ABSTRACT A survey for viruses in rose propagated in Europe resulted in detection of only Prunus necrotic ringspot virus (PNRSV) among seven viruses screened. Four percent of cut-flower roses from different sources were infected with PNRSV. Progression of the disease under greenhouse conditions was very slow, which should make this virus easy to eradicate through sanitary selection. Comparison of the partial coat protein gene sequences for three representative rose isolates indicated that they do not form a distinct phylogenetic group and show close relations to Prunus spp. isolates. However, a comparison of the reactivity of monoclonal antibodies raised against these isolates showed that the most prevalent PNRSV serotype in rose was different from the most prevalent serotype in Prunus spp. All of the 27 rose isolates tested infected P. persica seedlings, whereas three of the four PNRSV isolates tested from Prunus spp. were poorly infectious in Rosa indica plants. These data suggest adaptation of PNRSV isolates from Prunus spp., but not from rose, to their host plants.

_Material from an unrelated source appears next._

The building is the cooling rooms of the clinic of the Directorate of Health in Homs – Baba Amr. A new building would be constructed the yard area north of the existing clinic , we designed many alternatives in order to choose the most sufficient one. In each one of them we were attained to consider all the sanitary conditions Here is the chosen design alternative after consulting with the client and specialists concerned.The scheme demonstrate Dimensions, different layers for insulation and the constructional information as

The test methodologies developed here to evaluate PNRSV pathogenicity in Prunus spp. and rose could also help to screen for resistant genotypes.

Enzyme-Linked Immunosorbent Assay Testing of Shoots Grown In Vitro and the Use of Immunocapture-Reverse Transcription-Polymerase Chain Reaction Improve the Detection of Prunus necrotic ringspot virus in Rose.

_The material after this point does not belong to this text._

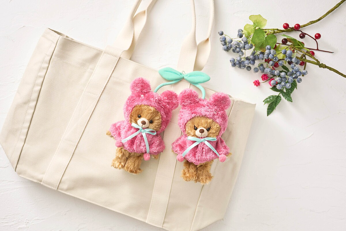 「UniBEARsity(ユニベアシティ)」ぬいぐるみキーチェーン専用コスチュームに、フルーツをモチーフにしたポンチョが登場します。フード部分にミッキーをイメージした丸い耳をデザインし、フルーツのみずみずしさを表現した光沢感のある生地や透明のビーズがポイント。シークレットポンチョは、いちご、ぶどう、もも、オレンジ、レモン、メロンの全6種を展開します。さらに、ふたつ繋がったさくらんぼをモチーフにした、ペアデザインのポンチョも登場。お気に入りのぬいぐるみキーチェーンに着せて、一緒におでかけを楽しめます。

We developed and evaluated two different methods to improve the detection of the most prevalent virus of rose in Europe, Prunus necrotic ring-spot virus (PNRSV). Immunocapture-reverse transcription-polymerase chain reaction was estimated to be about 100 times more sensitive than double-antibody sandwich-enzyme-linked immunosorbent assay (DAS-ELISA) and showed an equivalent specificity. Based on the observation that PNRSV multiplies actively in young growing tissues (axillary shoots and cuttings), an in vitro culture method allowing rapid (about 15 days) and homogeneous development of dormant axillary buds with high virus titers was standardized. ELISA tests of these young shoots showed, in some cases, a 10(4) to 10(5) increase in sensitivity in comparison to adjacent leaf tissues from the rose mother plants. Between 21 and 98% (depending on the season) more samples were identified as positive by using ELISA on samples from shoot tips grown in vitro rather than on leaves collected directly from the PNRSV-infected mother plants. This simple method of growing shoot tips in vitro improved the confidence in the detection of PNRSV and eliminated problems in sampling appropriate tissues.